On 12/2/25 12:40 PM, Ian Maxon wrote:
Hi fellow devs,
There is a nice patch up by Calvin
(https://asterix-gerrit.ics.uci.edu/c/asterixdb/+/20126) that adds a
variety of distance functions for vectors. The initial patch added a
function like this:
vector_distance(u,v,metric)
Which would compute the distance between two arrays of the same length
containing numerics, according to a metric, which is given as a
string. The string would be, for example "euclidean", or "manhattan".

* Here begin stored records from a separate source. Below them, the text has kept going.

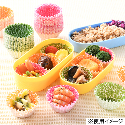 ●PET/紙●底径4×高3cm●耐熱温度170℃●レッド、グリーン、オレンジ各40枚●日本製※オーブンやオーブントースターでのご使用はおやめください。170℃以下のご使用でも、20分以上加熱しないでください。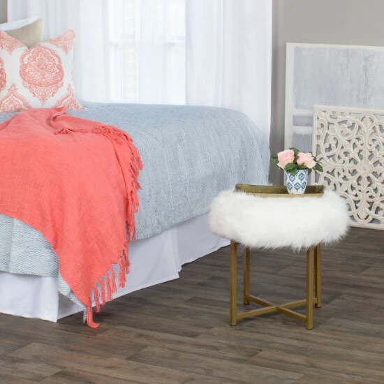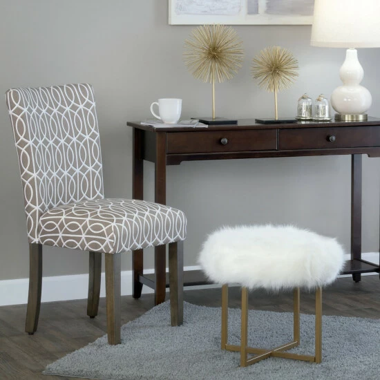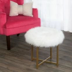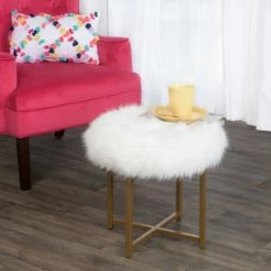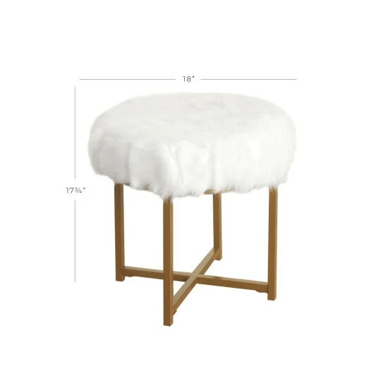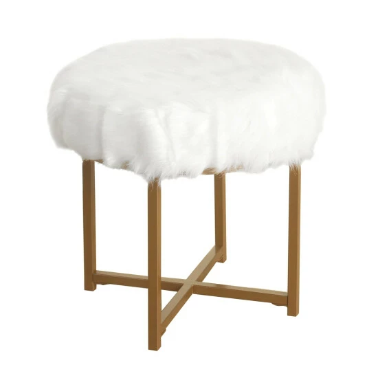 Go for glam with this soft, plush faux fur stool. Offered in white faux fur with metal legs in a gold finish, this fashion-forward glam ottoman will invoke conversation and comfort. Combine this furry stool with an accent chair or pair two together for a fun look at the end of a bed. Looking for a different color? Other HomePop faux fur items are available in blush pink, black and soft gray as well as in square, round or rectangular shapes. Easassembly; spot clean as needed.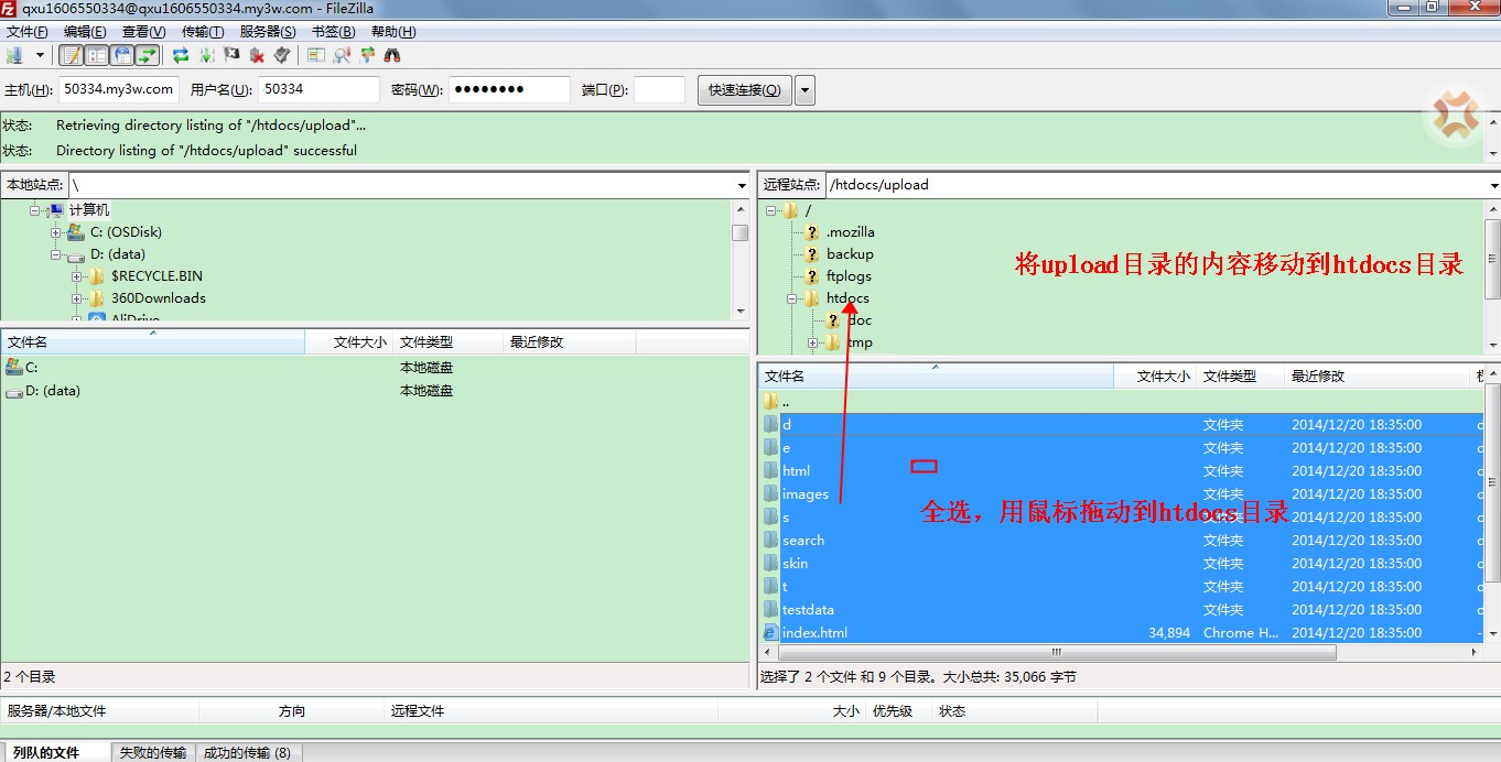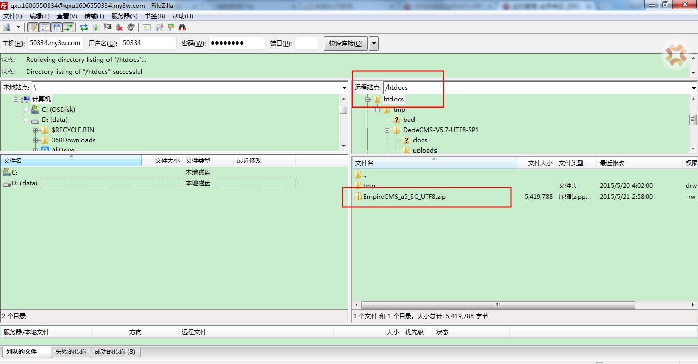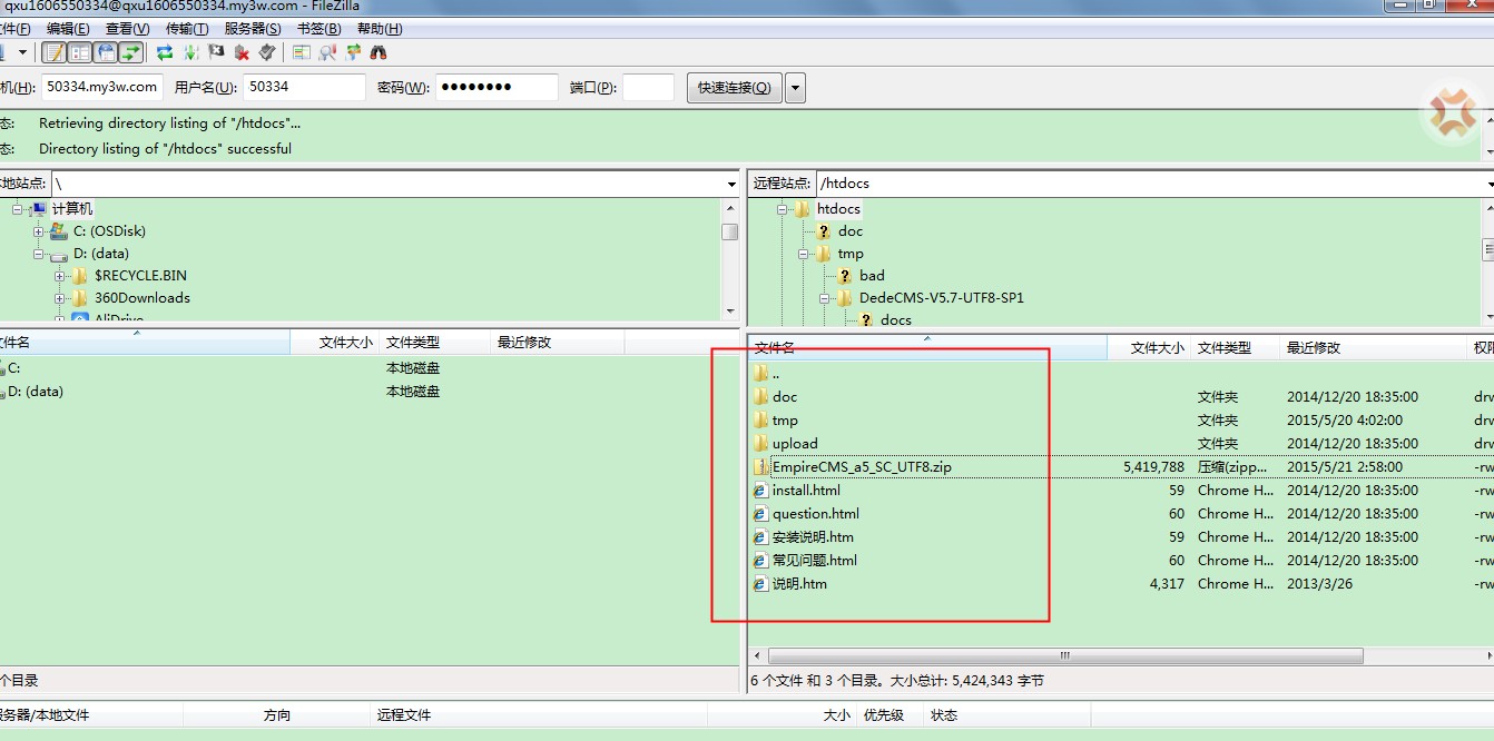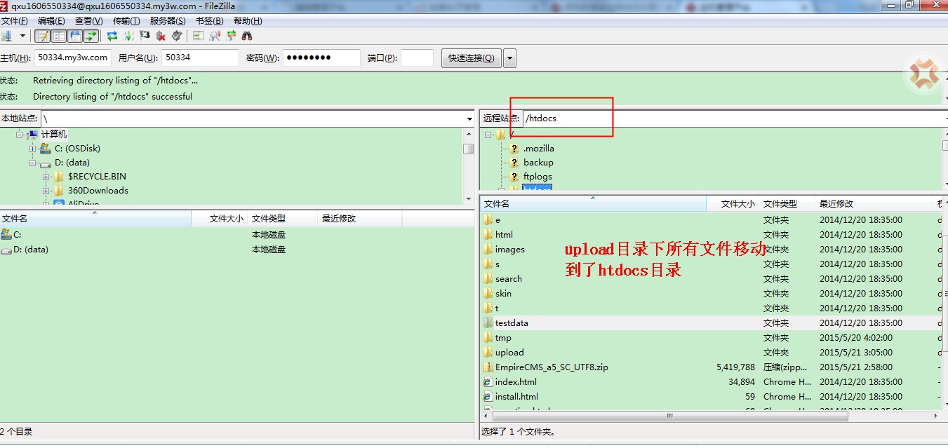 1. 请在网上下载最新版本的EmpireCMS程序。本文以EmpireCMS_a5_SC_UTF8.zip为例安装 2. 将EmpireCMS程序通过FTP上传到主机上的htdocs目录。 3. 在主机控制台将程序解压到根目录。 4. 将upload目录下的所有文件全部移动到htdocs目录。本例中的Filezilla客户端直接全选文件,使用鼠标拖动到htdocs目录即可。 5. 确认htdocs目录下有index.php文件。 访问主机临时域名即可开始安装 6. 请注意数据库的配置方法。数据库的连接地址不是localhost,而是主机cp控制台->数据库信息页面中的数据库信息。 7. 如果此处发现数据库无法连接,请确保数据库信息配置正确,请验证一下密码 8. 之后点击下一步即可完成安装 至此EmpireCMS程序已经安装成功。 温馨提示:以上帐号和密码信息均为测试信息,非真实用户帐号密码,请您在实际操作过程中使用您服务器和数据库的帐号密码代替即可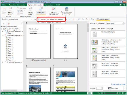 Si vous réduisez le nombre de pages lors de la mise à jour de la table des matières, les champs de Publipostage et les annotations spécifiés sur la page concernée sont également supprimés.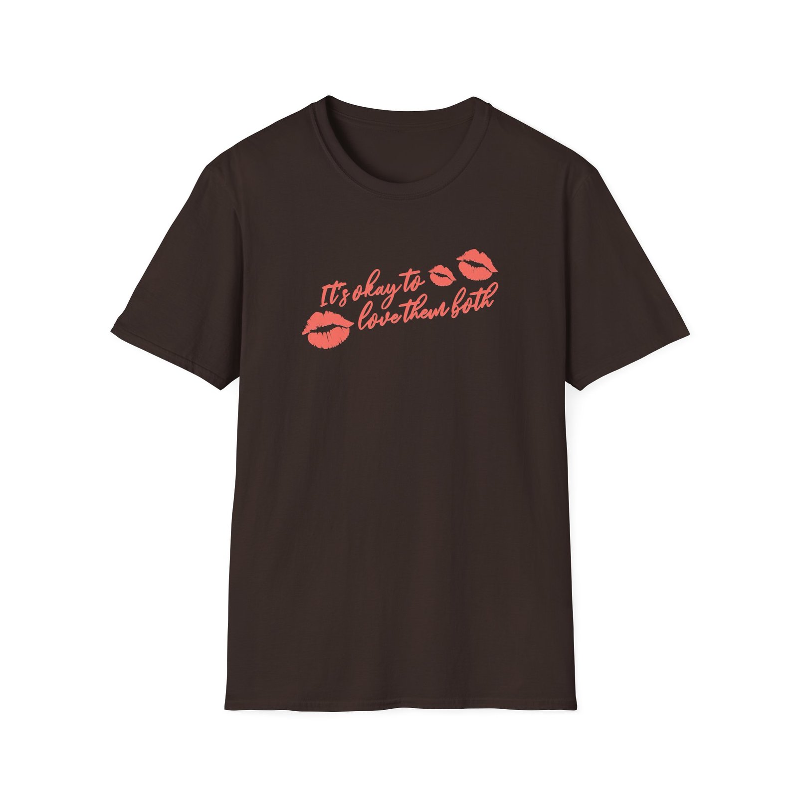 The Nina Dobrev Meit's Okay to Love Them Bothrch unisex soft-style t-shirt puts a new spin on casual comfort. Made from very soft materials, this tee is 100% cotton for solid colors. Heather colors and sports grey include polyester. The shoulders have twill tape for improved durability. There are no side seams. The collar is made with ribbed knitting to prevent curling damage.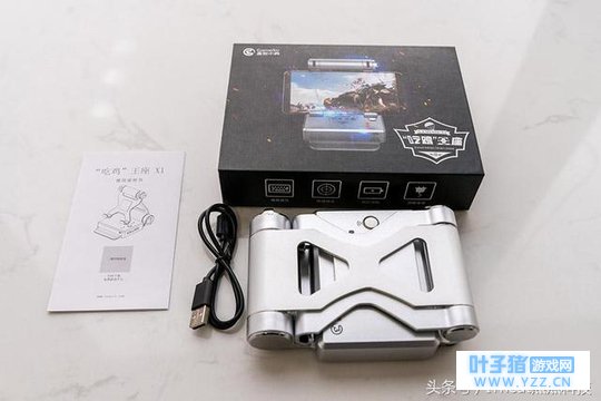 这款吃鸡王座X1的包装设计和游戏手柄的设计基本类似,都是黑色色调为主,不过打开包装后看到这个吃鸡王座是银色的外观设计。一个吃鸡王座,一根USB连接线,一张说明书,这就是整个包装里的所有内容。
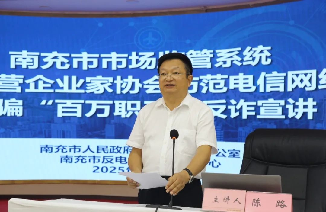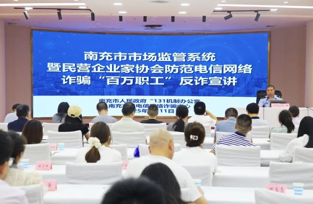 为深入贯彻“全民反诈在行动”集中宣传月工作部署,7月11日上午,南充市市场监管局与市民营企业家协会联合召开防范电信网络诈骗“百万职工”反诈宣讲会。南充市公安局刑侦支队副支队长陈路通过“问题互动+答疑解惑”的宣讲模式,为80余名市场监管干部及民营企业家代表带来生动实用的反诈知识培训。守护企业“钱袋子”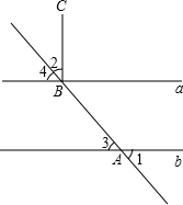 分析:先根据对顶角相等和两直线平行,同位角相等求出∠4,再根据垂直即可求出∠2的度数.
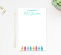 Personalized stationery notepads printed on premium 80lb white paper backed with thick chipboard for support. These notepads are perfect for teacher appreciation week, Christmas presents, supplies for back-to-school, gifts for teachers and more!
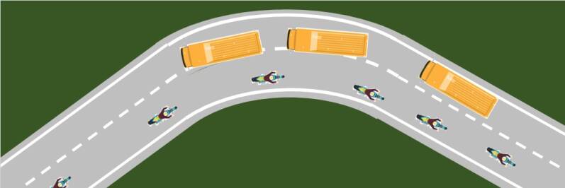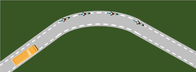 In het geval de bocht scherp naar rechts verloopt en door vegetatie en of gebouwen het onmogelijk is te voorspellen wat ná de bocht het verrassingspakket is, gebruik je jouw fantasie: Er komt mij een groot roze voertuig tegemoet en op mijn weghelft feestvierende schooljeugd op fatbikes met vieren naast elkaar.

I wasn't particularly fond of this syntax- it was inspired from
something else, and not a slight at Calvin's work. After discussing
informally with Calvin and some others familiar with the patch, I
changed the patch to instead add a separate function for each metric,
like:
euclidean_dist(u,v)
manhattan_dist(u,v)
...
and so on. To me it seems this fits better with the naming and syntax
patterns we already have. Code-wise each function continues to share
most of its implementation with the other vector distance calculation
functions.
Does anyone have any other thoughts or suggestions on the matter?
-Ian